┌─ Collected material
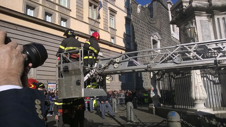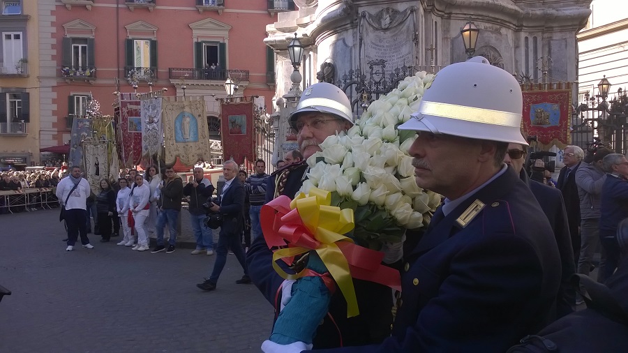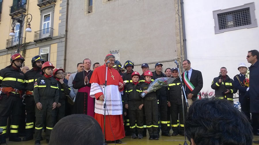 Una festa dell’Immacolata senza precedenti a Napoli. Nella storica piazza del Gesù si è svolta la rituale “consegna” da parte dei Vigili del Fuoco del grosso fascio di fiori donato dal comune di Napoli. Una piazza del Gesù gremita ha accolto con fragorosi applausi il momento in cui tre pompieri sono saliti a oltre 30 metri d’altezza per fissare l’omaggio floreale della città alla Madonna. Il cardinale Sepe ha rivolto alla folla un lungo discorso in cui ha toccato tutti i principali temi dell’attualità cittadina.
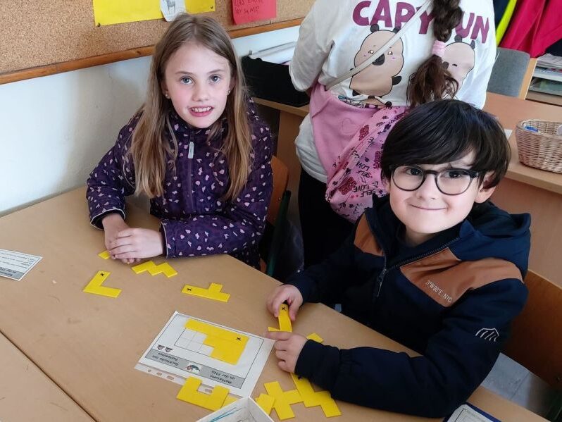 Zahlreiche Eltern und ältere Geschwister hatten sich wieder zum Helfen bereit erklärt. So saß an jedem Tisch eine Mutter oder ein Vater und erklärte freundlich die Aufgabe, die es zu lösen galt. Helfen war nicht erlaubt, aber Tipps geben schon und vor allem die Kinder zu motivieren, was viele Eltern liebevoll taten.
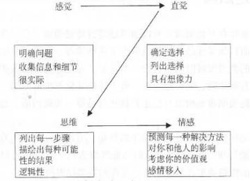 请看下图2——使用感觉来获得相关事实,使用直觉来获得可能有用的方法,使用思考来确定结果,使用情感来考虑结果对相关人群造成的影响。
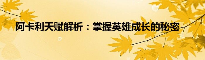 本文将围绕“阿卡利天赋”展开深入解析,探讨如何正确选择和使用英雄的天赋技能,为玩家们在游戏中更好地成长和战斗提供有力支持。本文将涵盖阿卡利天赋的核心理念、使用技巧及实战应用,帮助玩家们掌握英雄成长的秘密。
└─
Exercise requirements: Your task is to copy exactly the lines from the line containing "请看下图2——使用感觉来获得" through the final line of the listing above and to omit every picture.

Result of this exercise:
 请看下图2——使用感觉来获得相关事实,使用直觉来获得可能有用的方法,使用思考来确定结果,使用情感来考虑结果对相关人群造成的影响。
 本文将围绕“阿卡利天赋”展开深入解析,探讨如何正确选择和使用英雄的天赋技能,为玩家们在游戏中更好地成长和战斗提供有力支持。本文将涵盖阿卡利天赋的核心理念、使用技巧及实战应用,帮助玩家们掌握英雄成长的秘密。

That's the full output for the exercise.